Designing KPI Systems for Technical Support Teams

Introduction

Measuring L3 support team effectiveness is a non-trivial task. Standard metrics (closed tickets, response time) don't account for incident complexity and solution quality. In this article, I present a comprehensive KPI system based on ITIL methodology.

Block A (70%): Weighted SLA with Complexity Coefficients

The main evaluation block accounts for task priority and complexity. Each priority has its target SLA and weight:

  • P1 (Critical) — SLA 4 hours, weight 4.0. Complete service failure.
  • P2 (High) — SLA 8 hours, weight 2.5. Significant functionality reduction.
  • P3 (Medium) — SLA 24 hours, weight 1.5. Partial degradation.
  • P4 (Low) — SLA 72 hours, weight 1.0. Cosmetic issues.

Complexity Modifiers

Additional coefficients account for task specifics:

  • R&D Interaction (×1.3) — tasks requiring coordination with the development team
  • Astra Linux Security Modules (×1.5) — working with certified security systems
  • Multi-service Incident (×1.4) — affecting multiple TermiDesk components
  • Proactive Detection (×1.2) — engineer discovered the issue before customer report

Proactivity Scoring

Proactivity is a separate metric in Block A. It measures incidents prevented or discovered independently: log analysis, metric monitoring, automated checks. This encourages engineers to be proactive rather than purely reactive.

Block B (30%): Personal, Group, and Corporate Responsibility

Block B is divided into three levels: Personal (40%) covers schedule adherence, documentation quality, and training. Group (35%) covers peer assistance, knowledge sharing, and mentoring. Corporate (25%) covers process improvement, initiatives, and feedback.

Pilot Period

KPI system implementation requires a 2-3 month pilot. During this period, metrics are collected but don’t affect evaluation. The goal is coefficient and threshold calibration on the team’s actual data.

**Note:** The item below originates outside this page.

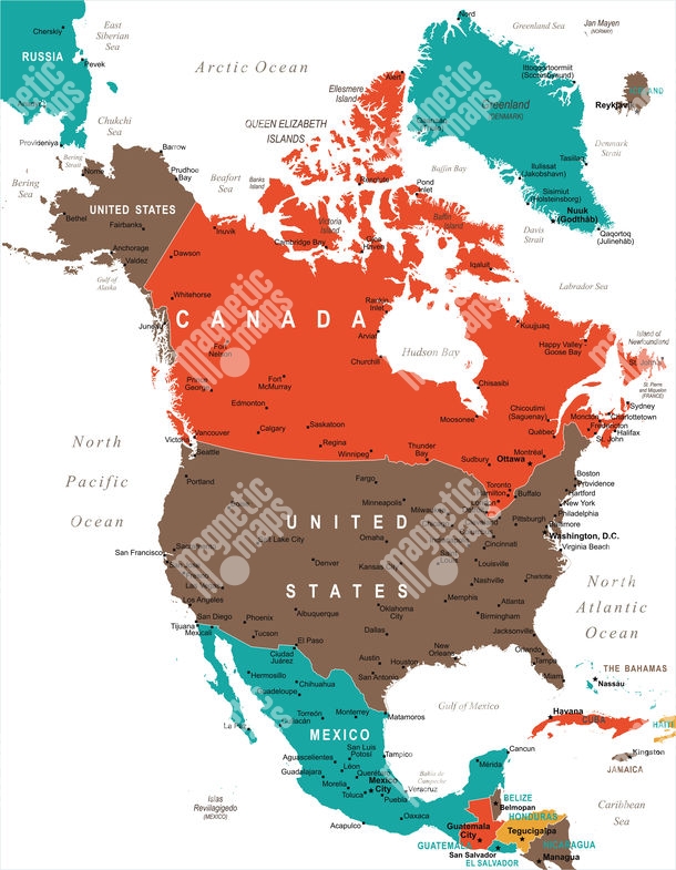 Magnetická mapa Severnej Ameriky, ilustrovaná, farebná

Data Collection Methodology

Block A data is collected automatically via Jira API: response time, resolution time, priority, category. Block B data comes through regular manager evaluations and peer review. Collection automation is critical for objectivity.

Conclusion

A two-block KPI system with weighted SLA and complexity modifiers provides fair evaluation that accounts for the real complexity of L3 engineering work. Pilot periods and iterative calibration ensure metric adequacy.